:: Task brief ::
Leave out all pictures and retype exactly the lines from the one with "Add a chic warm" through the last line of the material.
**** Source material ****
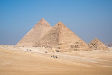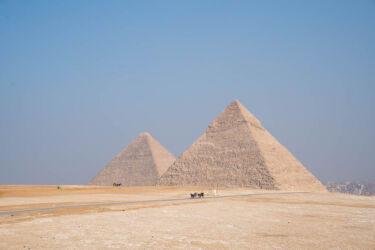 Esot Kairā, noteikti jāapskatās piramīdas! Tās gan nemaz neatrodas Kairā, bet nedaudz ārpus tās, Gizā. Mēs braucam nelielajā automobilī pa salīdzinoši tukšajām ielām, ir gana vēls rīts, lai rīta sastrēgumi jau būtu beigušies, bet ne gana agrs, lai sāktos pusdienlaika spiešanās. Vēroju zilās debesis, mazliet dūmakaino pilsētu un dzeltenīgo apkārtnes nokrāsu, tuksneša ainavas vasarā – mazāk par 35C temperatūra nenokrīt nevienu dienu. Daudzām mājām ir nepabeigti pēdējie stāvi, vai arī – puse mājas ir pabeigta, bet puse – nē. Augšējos stāvos ir novietotas baložu mājiņas. Gids man stāsta, ka baloži pa dienu par sevi rūpējas paši, un tad vakaros tos sasauc saimnieks un baro. Galvenokārt, tos audzē apēšanai. Pēc Aleksandrijā nobaudītā baloža manos plānos to garšot otro reizi vairs neietilpst, tāpēc vien māju ar galvu un cenšos nedomāt par ne pārāk gardo maltīti.
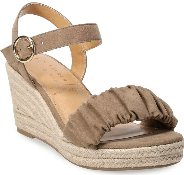 Add a chic warm weather look to your wardrobe with these LC Lauren Conrad Yuki Wedge Sandals. We found these on sale for $16.49 (was $60)! These are available in all sizes in taupe.
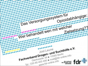 Leune schließt seinen Vortrag mit dem Hinweis, dass das Versorgungssystem für Opioidabhängige noch besser werden würde, wenn das gegliederte System der sozialen Sicherung durchlässiger wäre, wenn Einrichtungsgrenzen überwunden werden und eine gemeinsame (Fach-)Sprache gefunden werden könnte und das System auskömmlich finanziert wäre.
****
:: Expected answer ::
 Add a chic warm weather look to your wardrobe with these LC Lauren Conrad Yuki Wedge Sandals. We found these on sale for $16.49 (was $60)! These are available in all sizes in taupe.
 Leune schließt seinen Vortrag mit dem Hinweis, dass das Versorgungssystem für Opioidabhängige noch besser werden würde, wenn das gegliederte System der sozialen Sicherung durchlässiger wäre, wenn Einrichtungsgrenzen überwunden werden und eine gemeinsame (Fach-)Sprache gefunden werden könnte und das System auskömmlich finanziert wäre.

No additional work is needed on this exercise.